WHAT TO PRODUCE:
Only one span is wanted from the lines below: from the one with "Mở đầu chương" up to and including the one with "Illustration of the". Copy it exactly, without images.

MATERIAL FOR THE TASK:
§
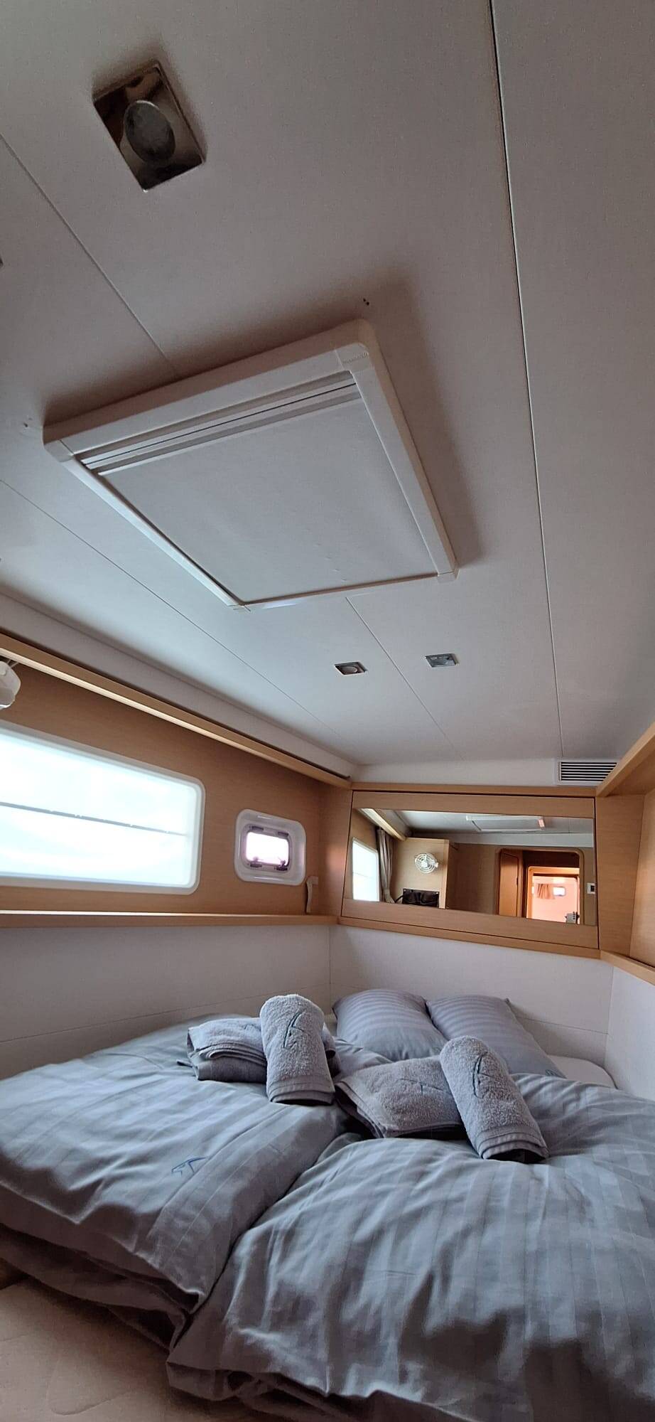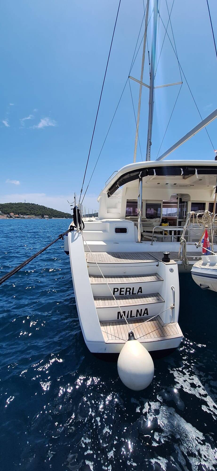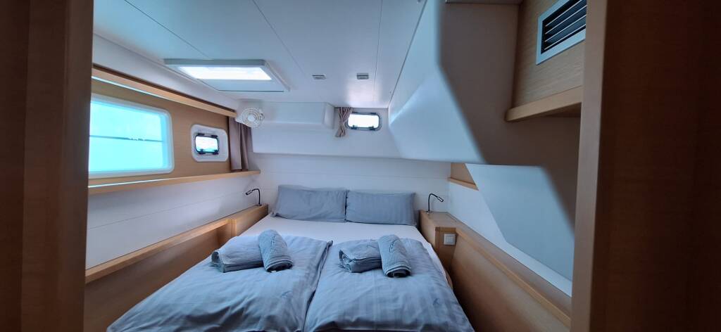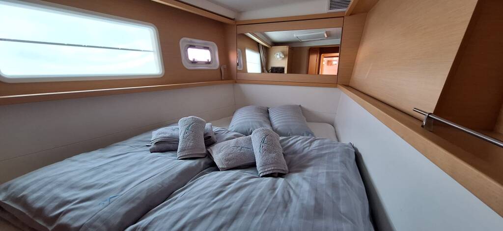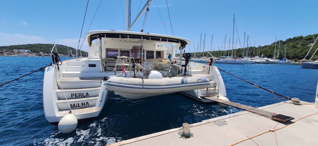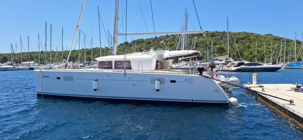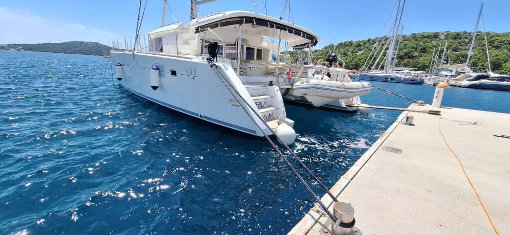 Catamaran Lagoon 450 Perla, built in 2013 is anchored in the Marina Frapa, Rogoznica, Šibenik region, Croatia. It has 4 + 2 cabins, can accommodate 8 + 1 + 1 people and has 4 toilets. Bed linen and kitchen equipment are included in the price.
§
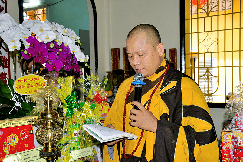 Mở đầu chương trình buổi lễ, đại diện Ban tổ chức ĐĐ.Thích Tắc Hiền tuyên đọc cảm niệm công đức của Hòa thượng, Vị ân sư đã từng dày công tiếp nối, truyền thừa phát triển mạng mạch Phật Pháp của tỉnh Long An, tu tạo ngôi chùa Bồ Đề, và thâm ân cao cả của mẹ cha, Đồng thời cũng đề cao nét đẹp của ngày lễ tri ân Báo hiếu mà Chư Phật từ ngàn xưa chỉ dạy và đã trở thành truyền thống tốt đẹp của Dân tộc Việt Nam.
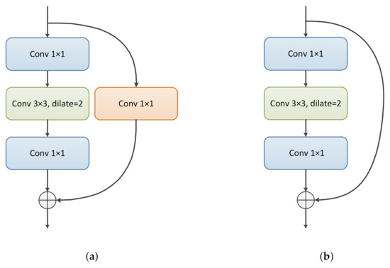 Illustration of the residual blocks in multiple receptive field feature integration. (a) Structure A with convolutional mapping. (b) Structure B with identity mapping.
§
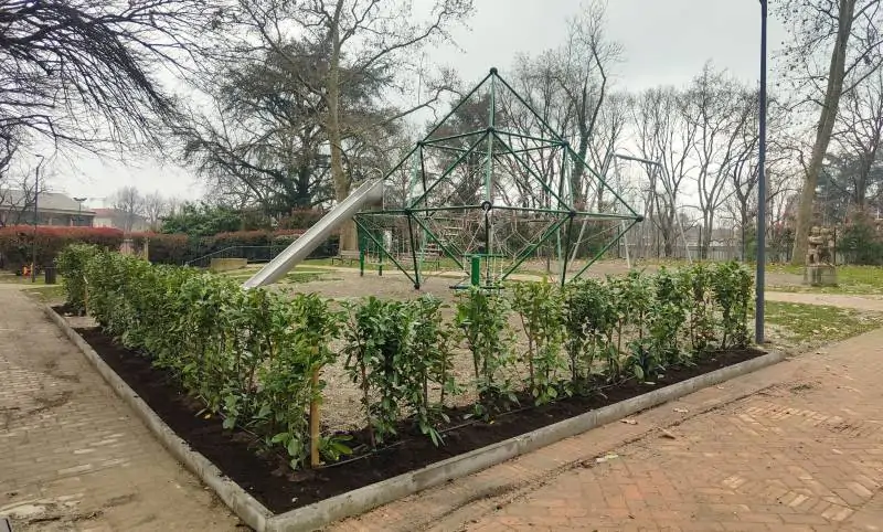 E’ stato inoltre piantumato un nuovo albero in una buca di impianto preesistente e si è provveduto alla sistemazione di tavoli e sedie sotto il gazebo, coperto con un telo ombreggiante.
§
RESPONSE BOX:
 Mở đầu chương trình buổi lễ, đại diện Ban tổ chức ĐĐ.Thích Tắc Hiền tuyên đọc cảm niệm công đức của Hòa thượng, Vị ân sư đã từng dày công tiếp nối, truyền thừa phát triển mạng mạch Phật Pháp của tỉnh Long An, tu tạo ngôi chùa Bồ Đề, và thâm ân cao cả của mẹ cha, Đồng thời cũng đề cao nét đẹp của ngày lễ tri ân Báo hiếu mà Chư Phật từ ngàn xưa chỉ dạy và đã trở thành truyền thống tốt đẹp của Dân tộc Việt Nam.
 Illustration of the residual blocks in multiple receptive field feature integration. (a) Structure A with convolutional mapping. (b) Structure B with identity mapping.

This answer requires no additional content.